= List of cities in Okayama Prefecture by population =

The following list sorts all cities (including towns) in the Japanese prefecture of Okayama with a population of more than 5,000 according to the 2020 Census. As of October 1, 2020, 24 places fulfill this criterion and are listed here.
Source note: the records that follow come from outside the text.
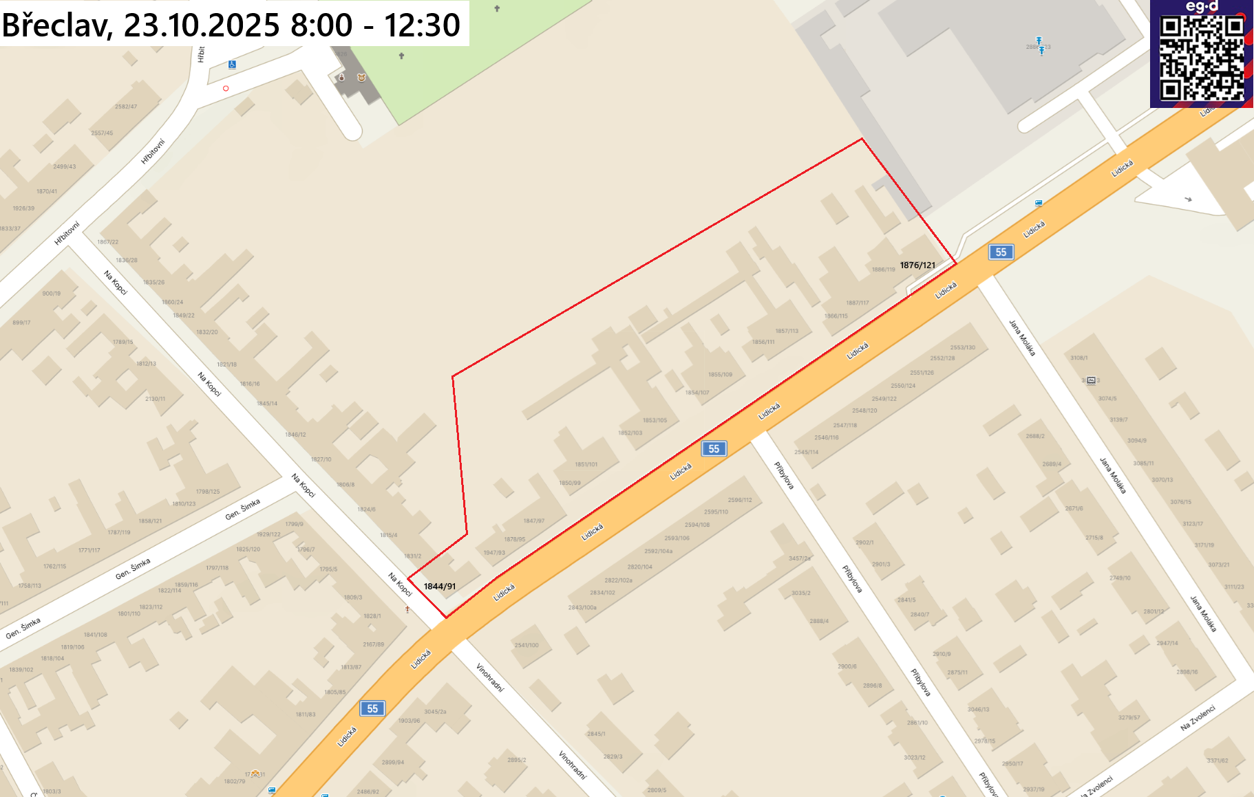 Oznámení o přerušení dodávky elektrické energie 23.10.2025 Břeclav, část ul. Lidická
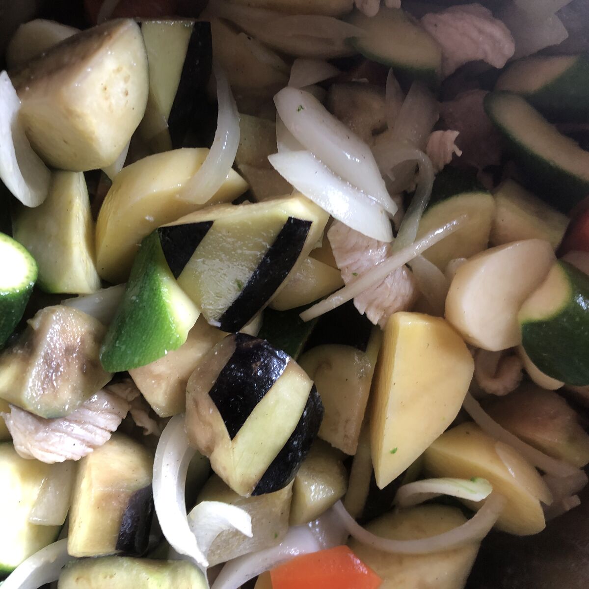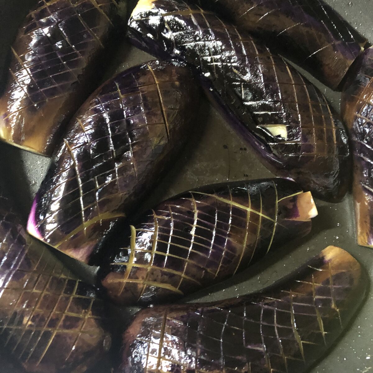 ナスはフライパンで2回に分けて焼きますが、形がそれぞれ違うので、パズルのようになるべくたくさん焼けるように試行錯誤します。
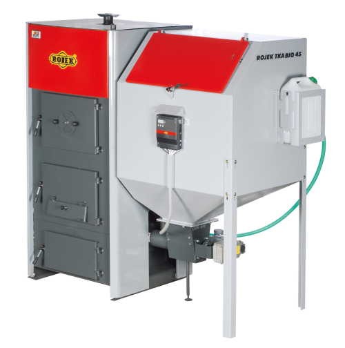 Automatický teplovodní kotel ROJEK TKA BIO 45 umožňuje automaticky spalovat dřevěné pelety o průměru 6 – 10 mm - kvalitní bílé, ale i s přídavkem kůry.
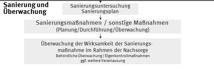 Die Grafik stellt die nach der behördlichen Festellung der Altlasten erforderlichen Bearbeitungsschritte zusammen. Beginnend bei derSanierungsuntersuchung, über die Sanierung bis hin zur Überwachung und Nachsorge.
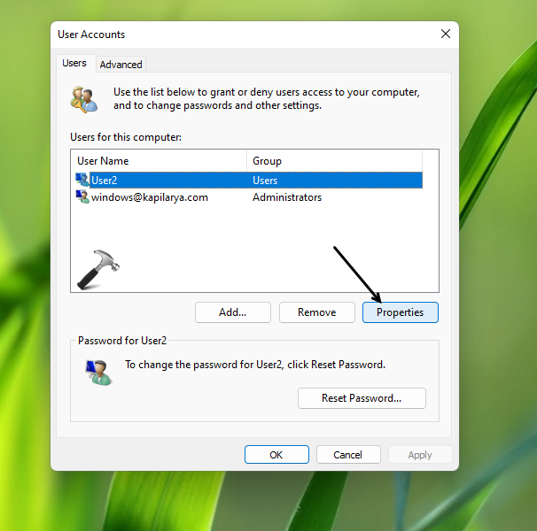 7.Nyt takaisin käyttäjätilien ikkunasta, valitse äskettäin luotu paikallinen tili ja napsautaOminaisuudet.
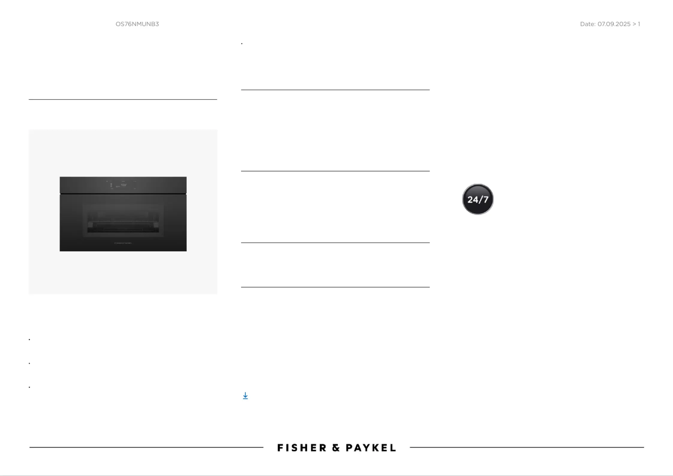 Lies die bedienungsanleitung für Fisher & Paykel OS76NMUNB3 (1 Seiten) kostenlos online; sie gehört zur Kategorie Backöfen. Dieses Handbuch wurde von 19 Personen als hilfreich bewertet und erhielt im Schnitt 3.8 Sterne aus 10 Bewertungen. Hast du eine Frage zu Fisher & Paykel OS76NMUNB3 oder möchtest du andere Nutzer dieses Produkts befragen? Stelle eine Frage
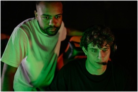 Two people engaged in a gaming session, one wearing a headset, focused on the screen.
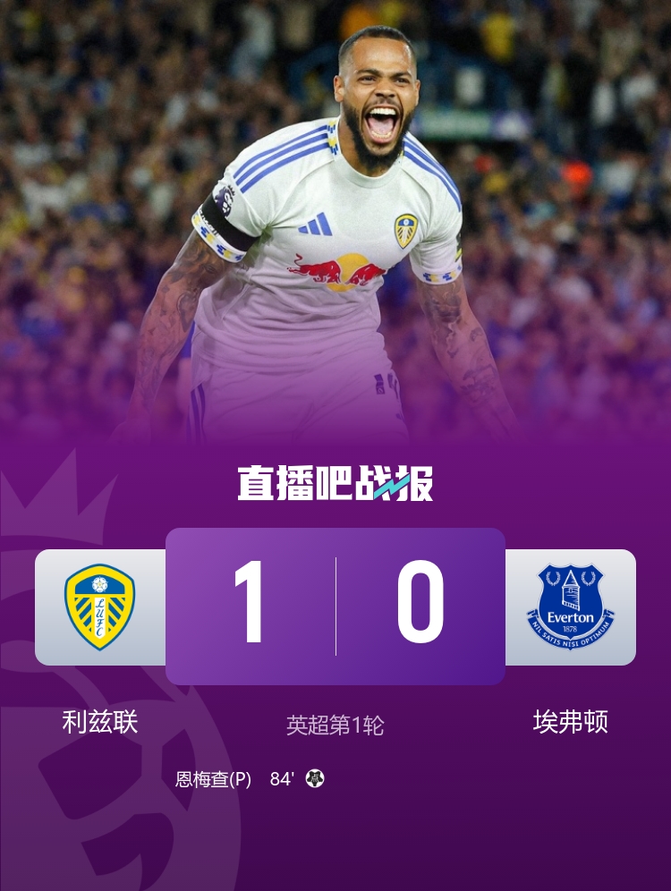 英超第1轮,利兹联在埃兰路球场1-0慑服埃弗顿,利兹联时尚恩梅查在84分钟打进制胜点球。
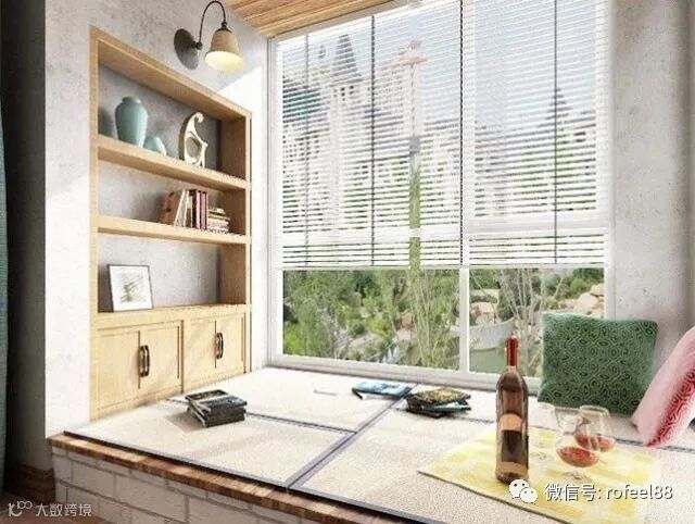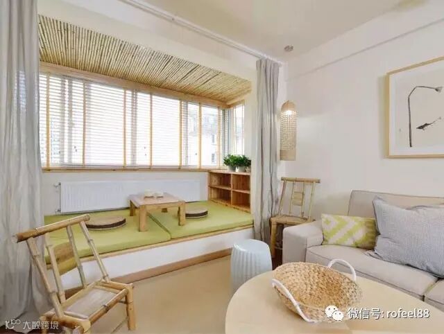 阳台的采光性和通风性非常好,安静的坐在榻榻米上喝着下午茶翻阅着书籍,是不是很惬意,真是非常实用且美观呢?
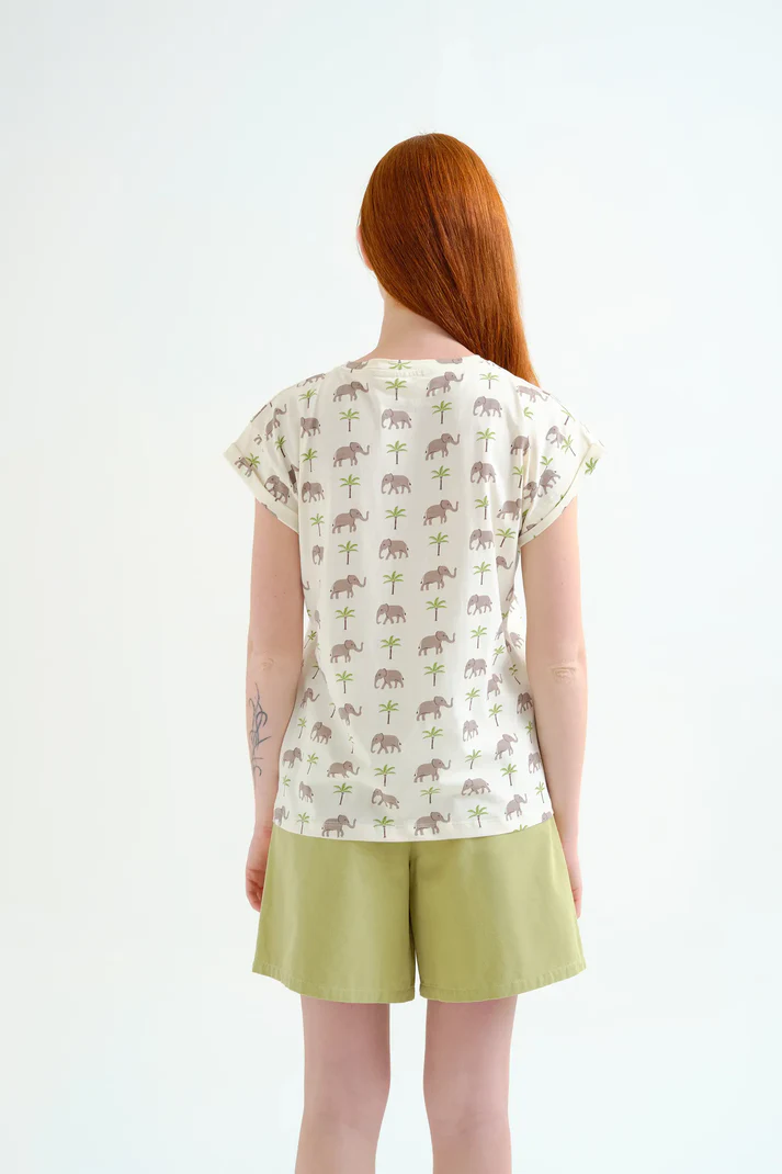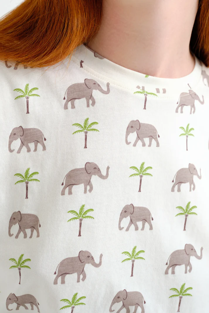Camiseta de tejido 100% algodón con estampado elefante. Cuello redondo y manga corta.
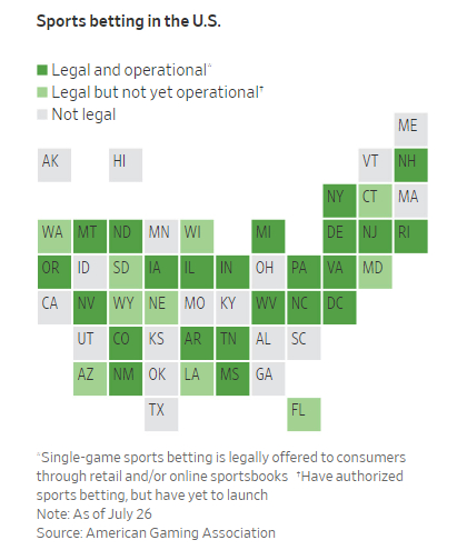 现在,32个州和哥伦比亚特区已经将体育博彩合法化,每个州都有各自的规则和监管机构。其中10个州还不允许赌博。

This list refers only to the population of individual cities, towns and villages within their defined limits, which does not include other municipalities or suburban areas within urban agglomerations.

== List ==
The following table lists the 24 cities and towns in Okayama with a population of at least 5,000 on October 1, 2020, according to the 2020 Census. The table also gives an overview of the evolution of the population since the 1995 census.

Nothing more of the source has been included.